Perhaps the best move Campanis ever made was signing a losing 18-year-old Mexican League pitcher named Fernando Valenzuela. Then he ordered that Valenzuela be taught the screwball.

"In an organization as large as the Dodgers it is important to appraise carefully the potential of each player so that he may be advanced as rapidly as his talents and capacity will permit."
—From Walter O'Malley's foreword to THE DODGERS' WAY TO PLAY BASEBALL

The L.A. scouting system is a marvel. Year in and year out the Dodgers choose low in the baseball draft, and year in and year out they produce prospects. They have had the last four National League Rookies of the Year, and Guerrero was not one of them. They have produced six Pacific Coast League batting champions in 10 years, including the 1982 titlist, Tack Wilson, whom they traded to the Twins for a Double A shortstop.

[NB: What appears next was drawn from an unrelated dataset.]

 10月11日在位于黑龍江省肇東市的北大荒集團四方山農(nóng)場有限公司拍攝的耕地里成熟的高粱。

This season, at least 14 former Dodger farmhands are in somebody's starting lineup, and another four pitchers are in somebody's rotation.

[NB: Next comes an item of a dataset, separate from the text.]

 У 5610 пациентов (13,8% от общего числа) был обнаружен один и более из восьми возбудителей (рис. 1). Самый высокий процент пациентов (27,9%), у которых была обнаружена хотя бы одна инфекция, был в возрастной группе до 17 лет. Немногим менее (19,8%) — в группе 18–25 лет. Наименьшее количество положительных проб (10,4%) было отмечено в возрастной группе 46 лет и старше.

L.A. does it with good, old-fashioned hard work, scouring the U.S. and Latin America. It employs six full-time cross-checkers to make sure the original scout's report on a player is accurate. The Dodgers do make mistakes, but they almost always make up for them. For every Ron Kittle—now a hot White Sox rookie—they release, they discover a Greg Brock. They picked him out of the University of Wyoming in the 13th round of the 1979 draft. Stewart was a catcher with a good arm when the Dodgers picked him in the 16th round in 75. Tom Niedenfuer, another reliever, was a free agent, and Pitcher Alejandro Pena, the hardest thrower on the staff, came out of the Dodgers' rich program in the Dominican Republic. Relying on the farm system has helped Los Angeles keep its payroll down. In 1980 it was sixth-highest in the majors; it was 16th last year and will be lower this year.

Says Bill Schweppe, L.A.'s vice-president for minor league operations, "I'm not sure if continuity breeds success, or if success breeds continuity, but we have a lot of momentum built up in our minor league system. We've also been a little lucky." Sure. The names people will be seeing in future Dodger lineups are Dave Anderson, shortstop; Gilberto Reyes, catcher; Cecil Espy, outfielder; Ed Amelung, outfielder; Jose Gonzales, outfielder; Sid Fernandez, pitcher; Larry White, pitcher.

Brock, of course, has already arrived. Besides leading Los Angeles in RBIs, he was first in the National League in walks. For one so young, he has an excellent vision of the strike zone, which is good because teams have begun to pitch him very carefully. Last week, in a 15-inning loss to the Expos, he tied a league record by drawing five walks. The next night, playing despite an upset stomach, he drove in six runs on two homers, one of them a grand slam, in the Dodgers' 13-3 victory.